You are not alone in your search for answers and support. I want to invite some others who have experienced the liver transplant process as a recipient or as a spouse of a recipient. I post the question that you asked, "How is your life after your transplant?"
@jodee, @gaylea1, @rrichardparker, @parmcat, @des46893, @mickj, @frankw54, @gary1864, @rodney9999 , @contandwell

Hi, @twocatmama and I also welcome you to Connect. I am a liver transplant recipient, my transplant occurred in September 2016. I presume if the diagnosis is idiopathetic, he does not have cirrhosis?
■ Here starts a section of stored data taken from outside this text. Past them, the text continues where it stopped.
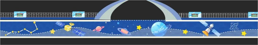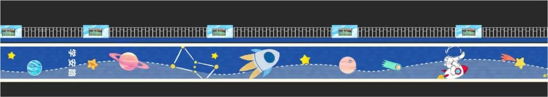 漫步學安路,航天元素與校園文化交相輝映,形成獨特的視覺語言。道路顯眼位置設置的航天主題文化墻,以活潑的卡通風格呈現火箭升空、宇航員漫步星際等場景,既傳遞“減速慢行” 的安全提示,又潛移默化地普及航天知識。各大星云圖也成為學生討論學習的熱點。校門口左右兩側的展示區,更成為了校園文化的“微窗口”,繪畫作品記錄的校園生活場景,展示出學生在德、智、體、美、勞等方面全面發展。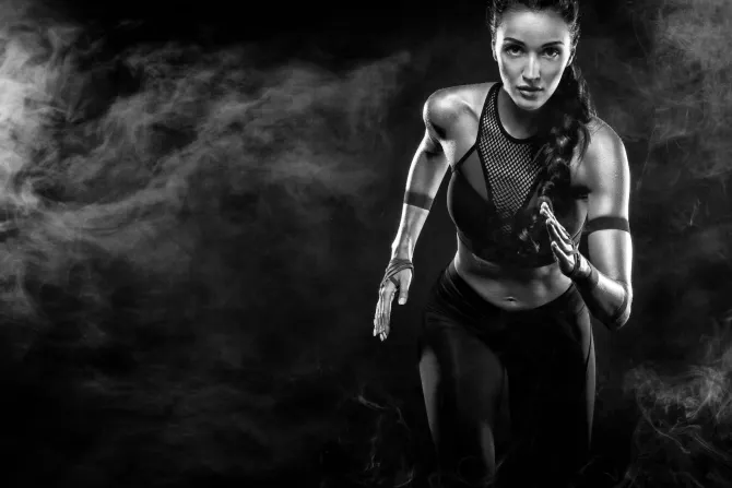 Fototapeta: Czarno-białe zdjęcie biegnącej kobiety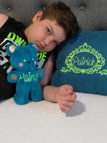 Set pernuță + ursuleț textil personalizate prin broderie cu nume Patrick
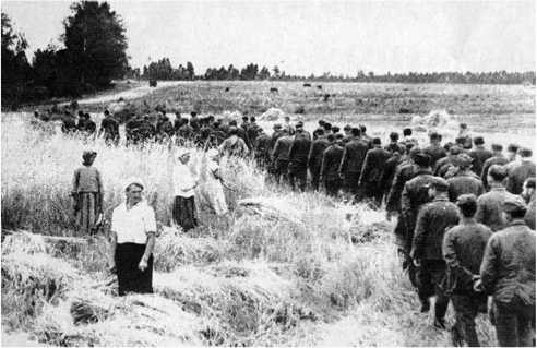 Уборка хлеба в прифронтовом колхозе «Красная горка». Пленные немцы. «Правда» 29 августа 1943 г.

I had non-alcoholic cirrhosis (also called NASH cirrhosis). It seemed to come on suddenly, having "mental changes" -- hepatic encephalopathy -- was what brought it to the forefront. Prior to that I did have other symptoms but they were not diagnosed as cirrhosis symptoms. These were declining platelet counts (which was considered to be ITP - "idiopathic thrombocytopenic purpura"), fatigue, shaky hands (which was diagnosed as "essential tremor"), excruciating cramps in my thighs -- these were infrequent, thankfully, but when I had them they were horrible, and fluid retention in my feet at times. That seemed to happen primarily when I traveled. All of these should have added up when I had my first episode of hepatic encephalopathy, HE, but unfortunately it took a long time before a doctor did finally put them all together. After my diagnosis I went to a hepatologist and she told me that I probably had cirrhosis for 10 years, it takes a long time to present itself.

Are the mental changes this person is experiencing causing them to be irrational and possibly combative? Mine did, and I ended up in the hospital a few times with them prior to finally having a diagnosis. It seems as if the symptoms a person has can vary from one individual to the next. If you have any questions, please feel free to ask. Those of us who have been there are happy to be able to help anyone who is experiencing these problems or to help the person who is a caretaker or closely associated with the person.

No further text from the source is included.